- SOURCE MATERIAL
╔══

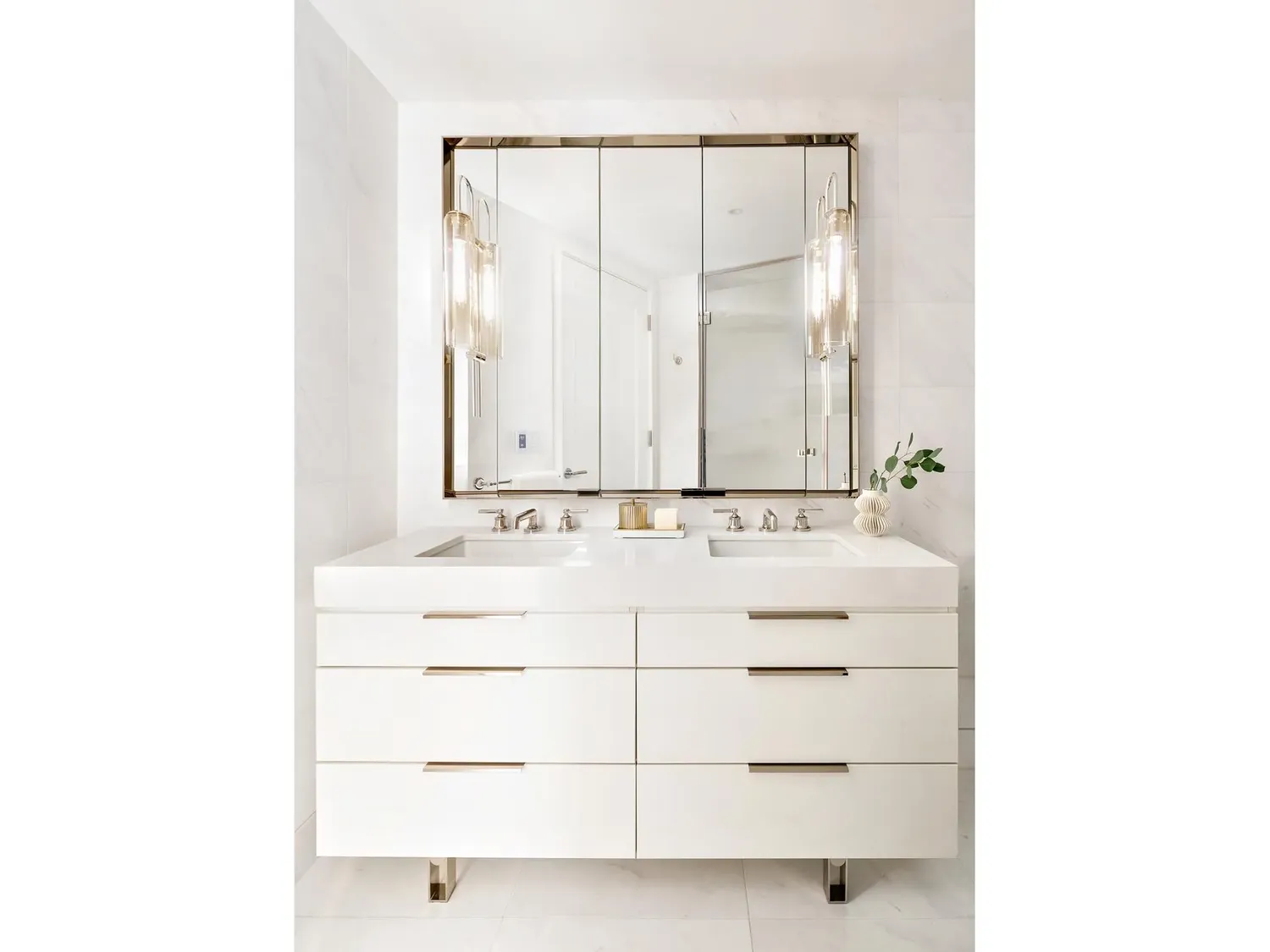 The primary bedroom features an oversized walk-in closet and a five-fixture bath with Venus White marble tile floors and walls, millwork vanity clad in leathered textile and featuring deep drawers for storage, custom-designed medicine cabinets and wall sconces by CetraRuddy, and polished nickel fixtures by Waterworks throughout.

╚══
╔══

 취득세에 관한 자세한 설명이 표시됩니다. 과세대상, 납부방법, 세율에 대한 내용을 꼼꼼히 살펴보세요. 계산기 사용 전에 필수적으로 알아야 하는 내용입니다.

╚══
╔══

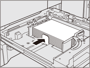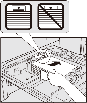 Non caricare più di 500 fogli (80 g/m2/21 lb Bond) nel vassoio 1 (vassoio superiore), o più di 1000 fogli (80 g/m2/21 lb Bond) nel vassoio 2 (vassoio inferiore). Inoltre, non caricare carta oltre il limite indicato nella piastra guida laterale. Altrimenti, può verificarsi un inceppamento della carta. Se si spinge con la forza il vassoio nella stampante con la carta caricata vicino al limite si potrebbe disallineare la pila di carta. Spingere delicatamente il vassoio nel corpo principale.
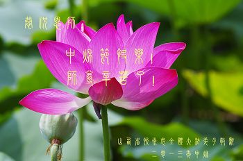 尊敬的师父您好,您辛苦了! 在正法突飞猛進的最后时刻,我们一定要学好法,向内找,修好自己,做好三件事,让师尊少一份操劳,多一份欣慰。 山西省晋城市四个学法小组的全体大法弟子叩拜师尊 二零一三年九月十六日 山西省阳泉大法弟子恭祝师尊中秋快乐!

╚══

An exact copy is needed of the stretch above that opens with the line containing "Non caricare più" and closes with the line containing "山西省晋城市四个学法小组的全体大法弟子叩拜师尊 二零一三年九月十六日 山西省阳泉大法弟子恭祝师尊中秋快乐!"; the pictures are not part of it.

- RESPONSE BELOW
 Non caricare più di 500 fogli (80 g/m2/21 lb Bond) nel vassoio 1 (vassoio superiore), o più di 1000 fogli (80 g/m2/21 lb Bond) nel vassoio 2 (vassoio inferiore). Inoltre, non caricare carta oltre il limite indicato nella piastra guida laterale. Altrimenti, può verificarsi un inceppamento della carta. Se si spinge con la forza il vassoio nella stampante con la carta caricata vicino al limite si potrebbe disallineare la pila di carta. Spingere delicatamente il vassoio nel corpo principale.
 尊敬的师父您好,您辛苦了! 在正法突飞猛進的最后时刻,我们一定要学好法,向内找,修好自己,做好三件事,让师尊少一份操劳,多一份欣慰。 山西省晋城市四个学法小组的全体大法弟子叩拜师尊 二零一三年九月十六日 山西省阳泉大法弟子恭祝师尊中秋快乐!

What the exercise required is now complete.